所以理想的应该是这种的,BN层紧接着Add,中间米有QDQ操作,这样TRT会把conv+bn+add以及后续的relu直接融合成Conv_116 + Add_117 + Relu_118
:
另外还有一点,旧版的FX在fuse的时候(第二篇有说),反卷积后续的BN层融合,这个也会对后续的量化造成一些干扰,导致优化不彻底,把这些都解决后TRT就可以正常优化了。
如何批量将多的QDQ操作干掉呢,这个利用刚才介绍的interpreter就OK了,在propagate的时候,将add节点的args直接修改为正确的节点即可,一共17个,批量修改即可:
def propagate(self, *args):
args_iter = iter(args)
env : Dict[str, Node] = {}
def load_arg(a):
return fx.graph.map_arg(a, lambda n: env[n.name])
def fetch_attr(target : str):
target_atoms = target.split('.')
attr_itr = self.mod
for i, atom in enumerate(target_atoms):
if not hasattr(attr_itr, atom):
raise RuntimeError(f"Node referenced nonexistant target {'.'.join(target_atoms[:i])}")

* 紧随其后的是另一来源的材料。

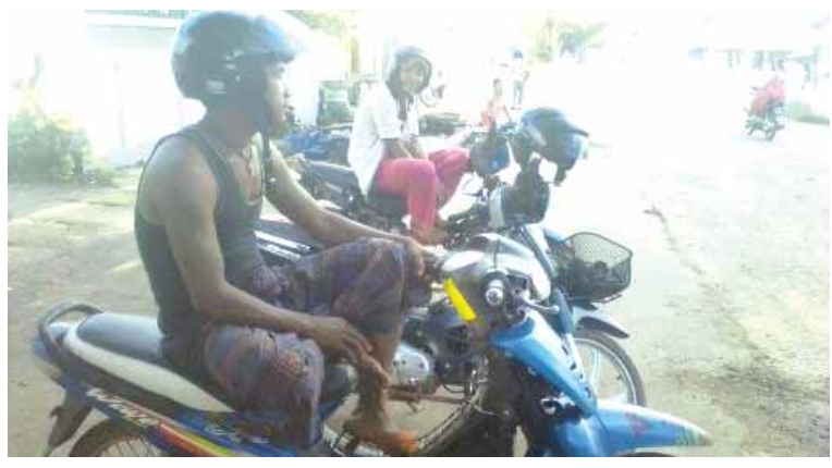
ရေးမြို့နယ်သည် ယခင်ကထက် ဒေသ အတွင်း လမ်းတံတားများမှာ အချိန်အခါမရွေး ဖြတ်သန်းသွားလာနိုင်ကြသည့်အပြင် ပြည် တွင်းခရီးသွားများလည်း အရင်ကထက် ပိုမို လာရောက်ကြ၍ ခရီးသွားလုပ်ငန်းများမှာတွင် ကျယ်လာကြောင်းသိရသည်။ ထွင်ထွင် (ရေး)

“ပုံမှန်တော့မရှိဘူး။ မဆွဲရတဲ့နေ့တွေဆို ကျပ် ၅၀၀၀ လောက်အထိ အနည်းဆုံးရကြပါ တယ်”ဟု ဆိုင်ကယ်ကယ်ရီဆွဲသူတစ်ဦးက ပြောသည်။

attr_itr = getattr(attr_itr, atom)
return attr_itr
for node in self.graph.nodes:
# 这里修改
if "add" in node.name:
node.args = (self.change_list[node.name], node.args[1])
# 修改完之后,需要将置空的节点删除
self.mod.graph.eliminate_dead_code()
# 更新graph
self.mod.recompile()
return
这样就OK了,修改后的add与上一个conv层(这里BN被conv吸进去了)之间就没有QDQ的操作:
同样,反卷积也和BN层合并了:
将修改后的fx模型,再一次经过TensorRT的转换,再一次benchmark一下:
# 修改网络之前的
=== Performance summary ===
Throughput: 260.926 qps
Latency: min = 4.91473 ms, max = 5.23787 ms, mean = 4.97783 ms, median = 4.97583 ms, percentile(99%) = 5.22012 ms
End-to-End Host Latency: min = 4.98529 ms, max = 8.08485 ms, mean = 7.56827 ms, median = 7.58014 ms, percentile(99%) = 8.06438 ms
Enqueue Time: min = 0.375031 ms, max = 0.717957 ms, mean = 0.394493 ms, median = 0.391724 ms, percentile(99%) = 0.470032 ms
H2D Latency: min = 1.03088 ms, max = 1.09827 ms, mean = 1.03257 ms, median = 1.03235 ms, percentile(99%) = 1.03613 ms
GPU Compute Time: min = 3.75397 ms, max = 4.07245 ms, mean = 3.81574 ms, median = 3.81421 ms, percentile(99%) = 4.05913 ms
D2H Latency: min = 0.125977 ms, max = 0.153076 ms, mean = 0.129512 ms, median = 0.129333 ms, percentile(99%) = 0.131836 ms
Total Host Walltime: 3.01235 s
Total GPU Compute Time: 2.99917 s
Explanations of the performance metrics are printed in the verbose logs.
# 修改网络之后
=== Performance summary ===
Throughput: 305.313 qps
Latency: min = 4.35956 ms, max = 4.64665 ms, mean = 4.41392 ms, median = 4.40918 ms, percentile(99%) = 4.62846 ms
End-to-End Host Latency: min = 4.401 ms, max = 6.90311 ms, mean = 6.43806 ms, median = 6.43774 ms, percentile(99%) = 6.88329 ms
Enqueue Time: min = 0.320801 ms, max = 0.559082 ms, mean = 0.334164 ms, median = 0.330078 ms, percentile(99%) = 0.486328 ms
H2D Latency: min = 1.03186 ms, max = 1.03824 ms, mean = 1.03327 ms, median = 1.0332 ms, percentile(99%) = 1.03638 ms
GPU Compute Time: min = 3.20001 ms, max = 3.48364 ms, mean = 3.25109 ms, median = 3.24609 ms, percentile(99%) = 3.46623 ms
D2H Latency: min = 0.126404 ms, max = 0.13208 ms, mean = 0.129566 ms, median = 0.129395 ms, percentile(99%) = 0.13147 ms
Total Host Walltime: 3.01003 s
Total GPU Compute Time: 2.98775 s
Explanations of the performance metrics are printed in the verbose logs.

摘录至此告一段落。